There’s this funny paradox I’ve noticed – when the weather is bad, or there’s anything to do involving a pitchfork and manure, people seem to think we’re hardcore weirdos with a fanatical agriculture hobby….but when it comes to just-ripped-from-the-ground vibrant produce and grassfed steak for dinner every night, then we’re suddenly privileged, as if luck itself landed those goodies on the table.
Gardening is a lot like life – there are ups and downs, cycles of birth, growth, death…and then you get compost.
We have finally passed through the lean season I wrote about a few months ago. It was a hard, hard lean season. Gardening has justice. You reap what you sow, and I was not as on top of planning last year like I should have been. I did not foresee the lack of income, just as frosts and pests will strike and suddenly all your plans and dreams are withered. A wise gardener is always on top of things.

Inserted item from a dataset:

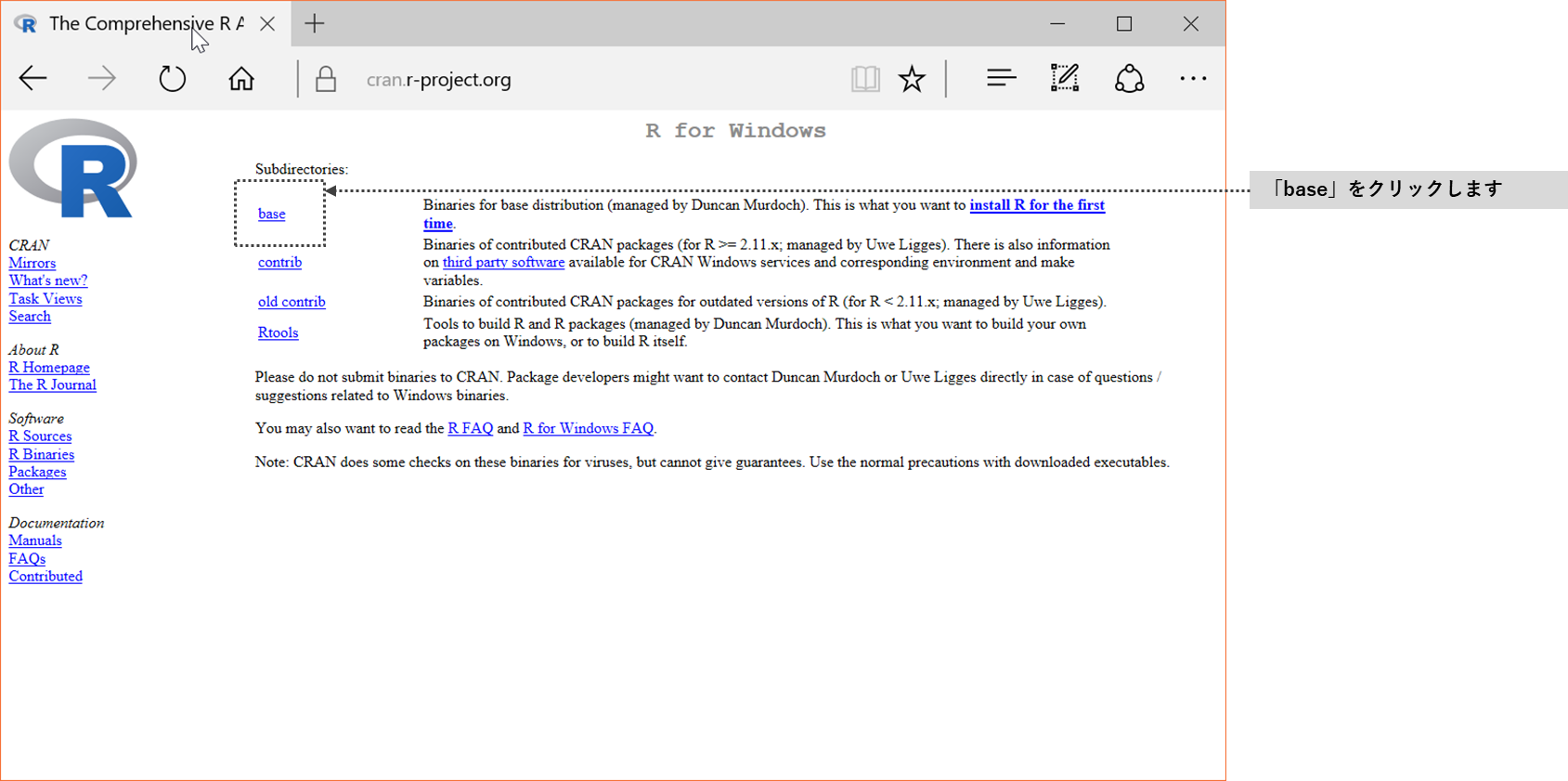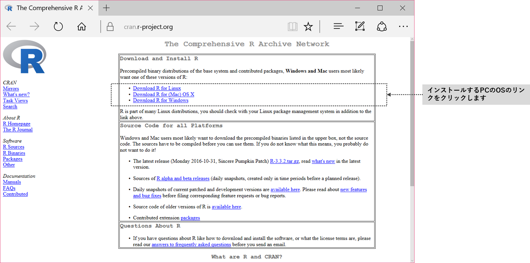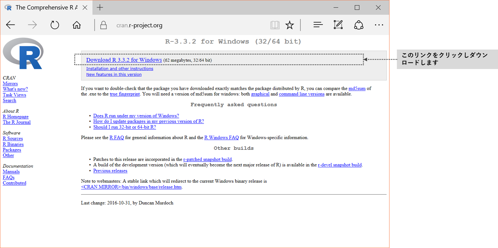 2017年1月1日の時点では、「Download R 3.3.2 for Windows」と書かれたリンクをクリックしダウンロードします。ダウンロードするファイルは「R-3.3.2-win.exe」です。

The calves have been born, and the milking pail is overflowing with milk. The light increase on this side of the solstice has alerted the chickens that spring is soon to be here, and we have eggs again. Just a few every day, making you wish for more.
The cold weather marks the beginning of our meat-harvesting season, and the freezer will soon be stocked up with beef and sausage, and huge pots of stock will simmer gently on the stove.
The small seeds I planted in the fall have grown into a green, green explosion in the middle of the rye cover crop in the garden. The frost has turned all the greens and roots sugary sweet.
Now, when things are easy, and the hard work of building the garden seems so far away, now I am learning to be a wise gardener at last, thinking already of the next season. Ripe tomatoes, peppers, rich eggplants – they must be dreamed of now.